##### Supplied information
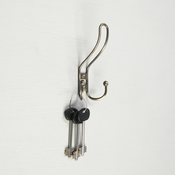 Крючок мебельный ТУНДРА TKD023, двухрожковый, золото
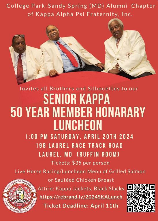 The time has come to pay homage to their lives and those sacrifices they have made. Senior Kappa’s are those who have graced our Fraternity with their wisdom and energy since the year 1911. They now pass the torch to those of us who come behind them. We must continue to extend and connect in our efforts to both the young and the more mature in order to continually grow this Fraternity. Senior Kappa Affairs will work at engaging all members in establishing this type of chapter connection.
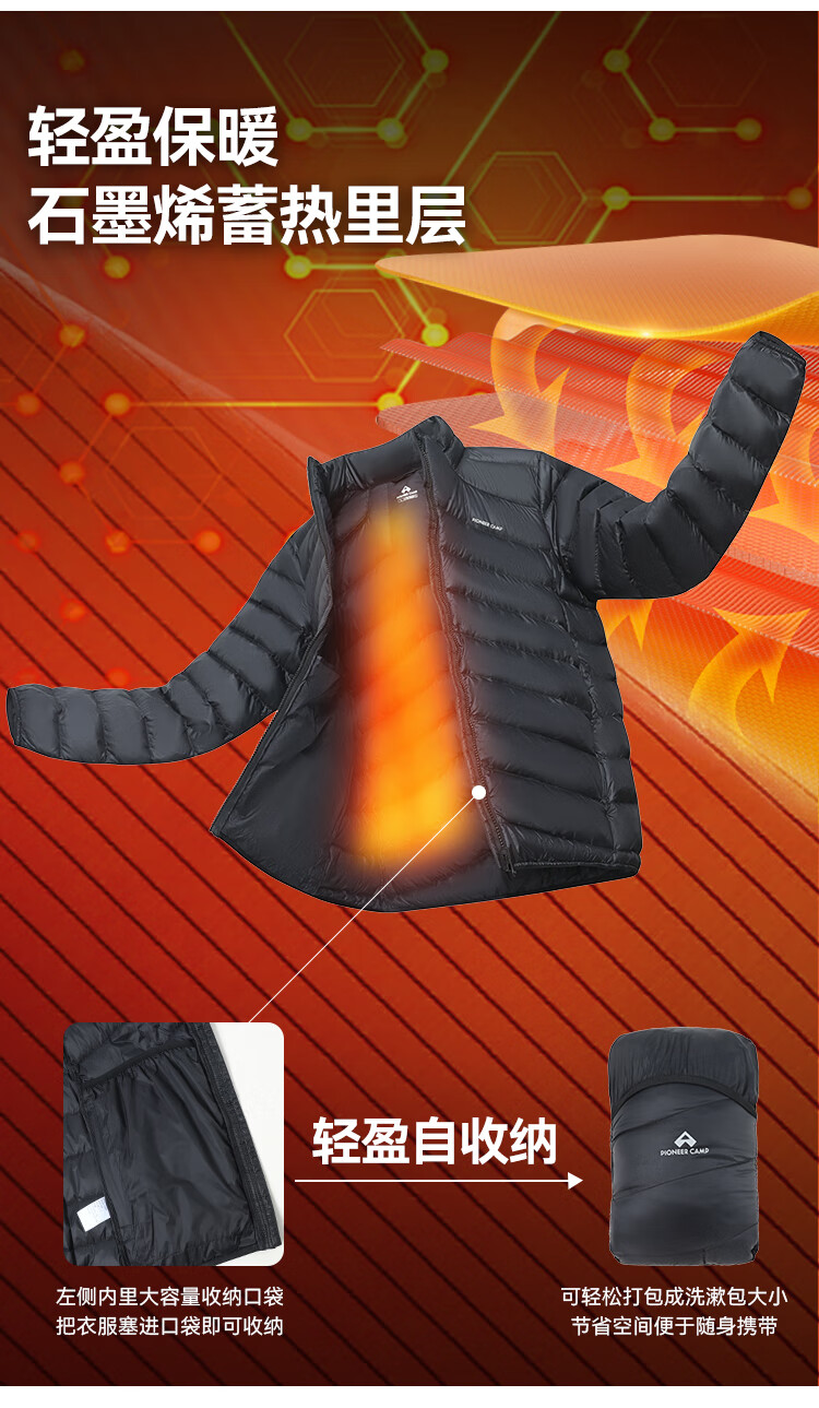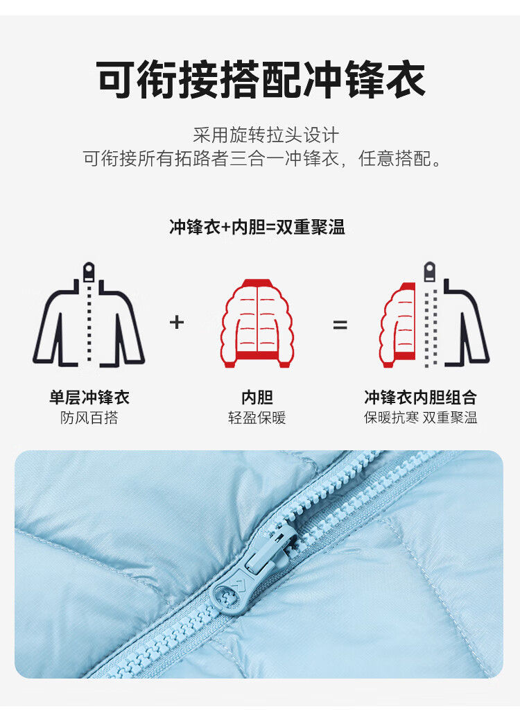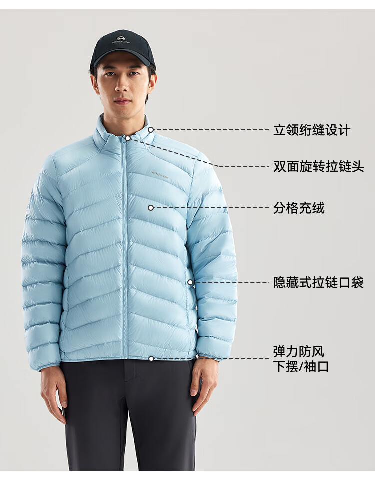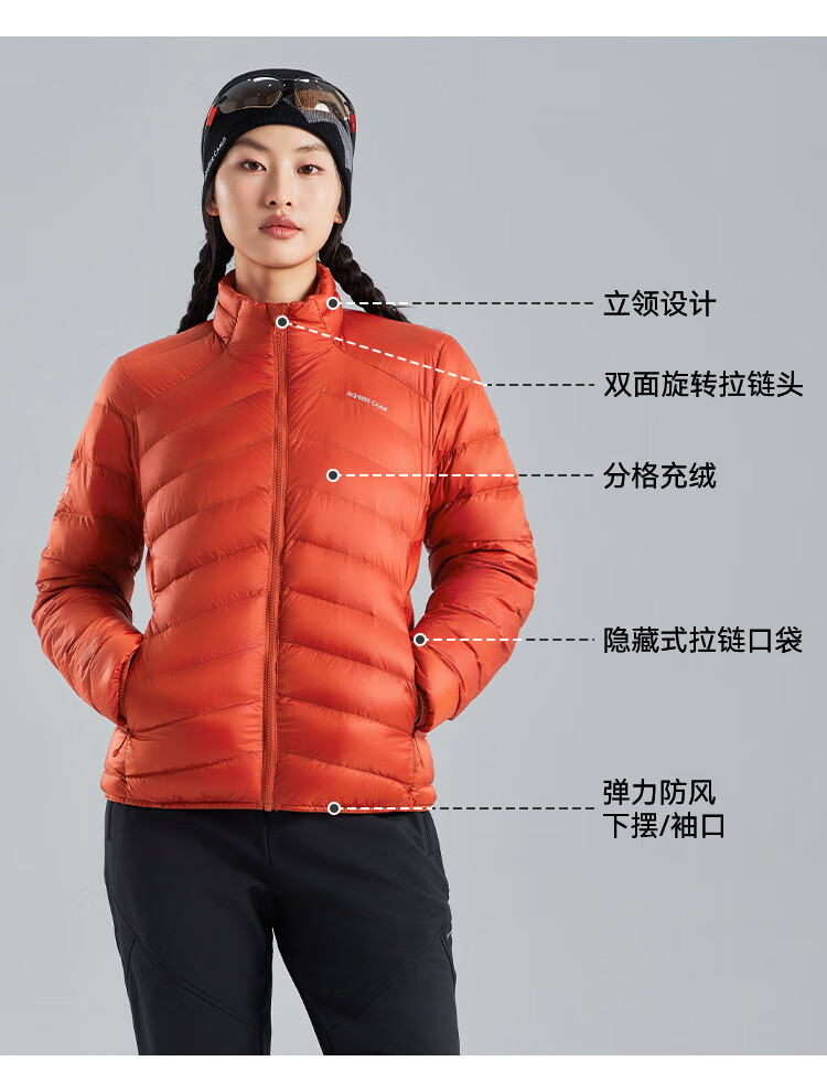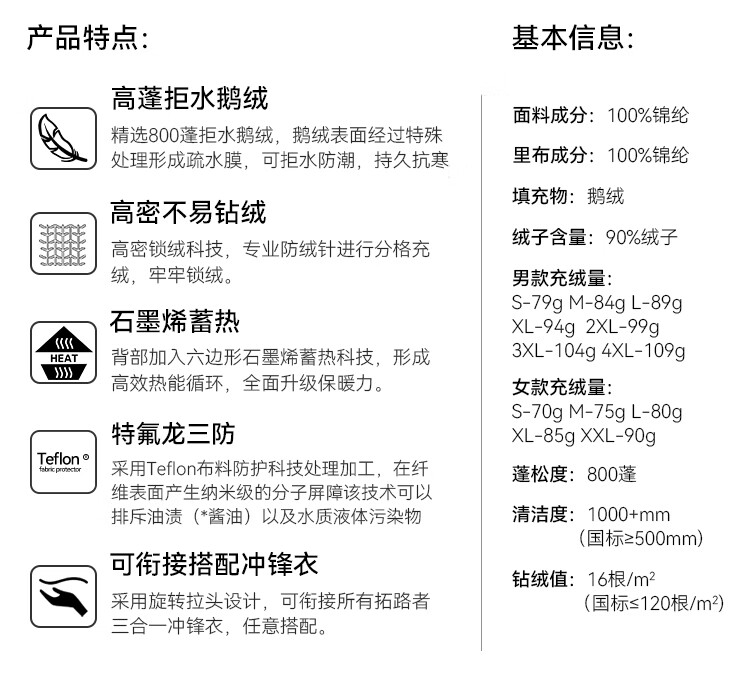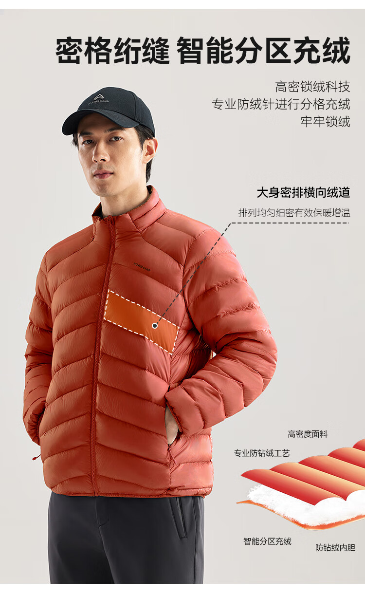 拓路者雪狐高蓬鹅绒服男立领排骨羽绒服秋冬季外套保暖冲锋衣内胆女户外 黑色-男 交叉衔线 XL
##########
Description of the task :: Once the pictures are set aside, give the rest of the listing again exactly.

Task answer ::
 Крючок мебельный ТУНДРА TKD023, двухрожковый, золото
 The time has come to pay homage to their lives and those sacrifices they have made. Senior Kappa’s are those who have graced our Fraternity with their wisdom and energy since the year 1911. They now pass the torch to those of us who come behind them. We must continue to extend and connect in our efforts to both the young and the more mature in order to continually grow this Fraternity. Senior Kappa Affairs will work at engaging all members in establishing this type of chapter connection.
 拓路者雪狐高蓬鹅绒服男立领排骨羽绒服秋冬季外套保暖冲锋衣内胆女户外 黑色-男 交叉衔线 XL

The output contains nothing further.